New methods are integrating genetic variants other than de novo mutations to bolster the case for a candidate gene. For example, the ‘transmission and de novo association method’ (TADA) can layer different sets of genetic data to boost the chances of finding several different types of genetic hits on the same gene. TADA has identified 65 candidate genes as moderate- to high-confidence autism risk genes. With this approach, too, researchers can set their appetite for risk for follow-up studies.
A few new efforts — including SPARK, for which I am a site investigator — are under way to partner researchers with tens of thousands of families. These efforts offer us the power to identify the most common candidate autism risk genes in the next three years. The strength of evidence for several hundred of these genes may be strong enough to move them from the candidate gene column to bona fide autism risk genes using methods like those I described.
This will be a tremendous accomplishment. But still, we will be left with hundreds of candidate genes in need of vetting. We may be able to confirm many of these genes using functional approaches — for instance, using so-called mini-brains, or ‘organoids,’ that allow the mimicking of human brain development in a culture dish — as they will be too rare individually to be validated based on genetics alone. Importantly, we need to continue to develop statistical approaches that integrate the contributions of all classes of genetic variation and that work for families with one or more individuals who have autism.
The field is moving forward with whole-genome studies involving thousands of families to discover genetic risk factors within DNA that does not code for protein.

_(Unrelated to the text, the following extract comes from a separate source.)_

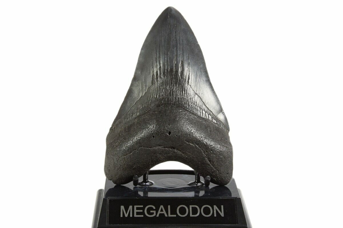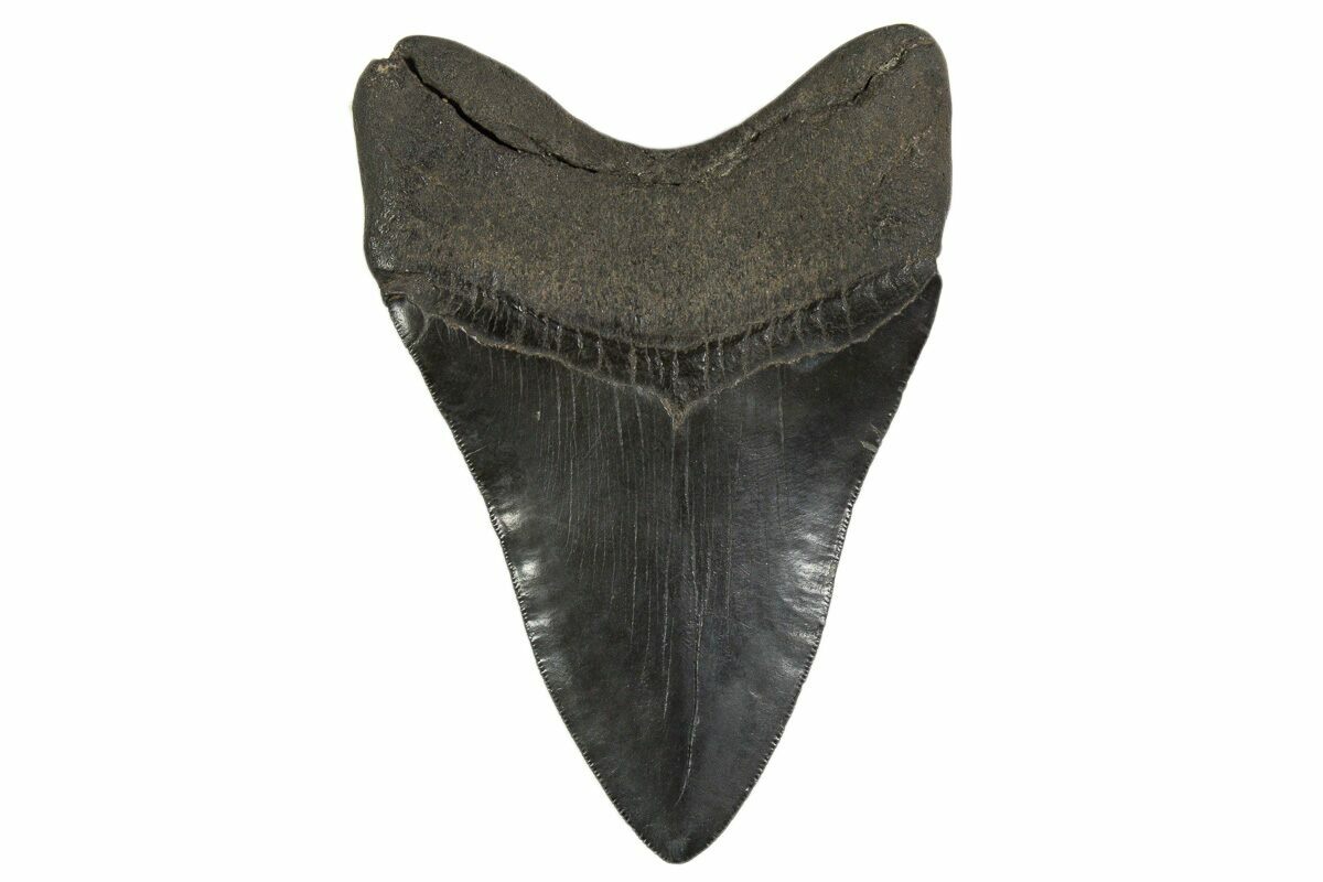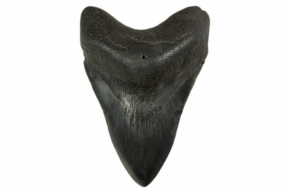 The standard measure for megalodon teeth is slant height, or the longest edge of the tooth. Adult megalodon teeth were typically in the 4 to 5 inch range: teeth over 6 inches are rare and represent super-sized individuals. Only a handful of teeth have ever been found over seven inches.

And now a debate is raging among geneticists. Some scientists believe we should be integrating all we have learned from exome studies to identify noncoding regulators of candidate and bona fide risk genes. For example, we might aim our search at certain regions of the genome known to be actively expressed during brain development.
If we adopt this approach, we face several questions: Which genes and regions should be our focus, and at which times in development? Where in the brain should we be examining these genetic regulators? Importantly, do we know enough yet to answer these questions?
Others, the ‘agnostics,’ remember the many dead ends from the past resulting from hubris. They argue that rigorous and unbiased methods are needed to correct for chance findings from the vast number of results from an entire genome. It may take tens of thousands of genomes to unravel these complexities.
Which of these two approaches is best depends on the question we are asking.
If we are trying to identify novel regulators of a known autism risk gene, restricting our analysis to certain suspect regions makes sense. However, we should be prepared to demonstrate that changes to these regulators are in fact meaningful. To do so, we will need to show that a genetic variant can alter the function of the genome in a biologically relevant context.
If we are trying to identify novel classes of risk factors in an unbiased manner, we should think critically about which independent comparisons we are making between genetic regions and continue to develop methods to control for the large number of statistical tests being performed.
We should also remember that for the next few years, studies using these approaches are likely to be underpowered — meaning that the probability of detecting all but the strongest genetic effects will be low. We should try not to lose heart over negative results. And, equally important, we should avoid being overly optimistic about positive, but still exploratory, findings.
If we can remember our past, the future for autism genetics will be a bright one.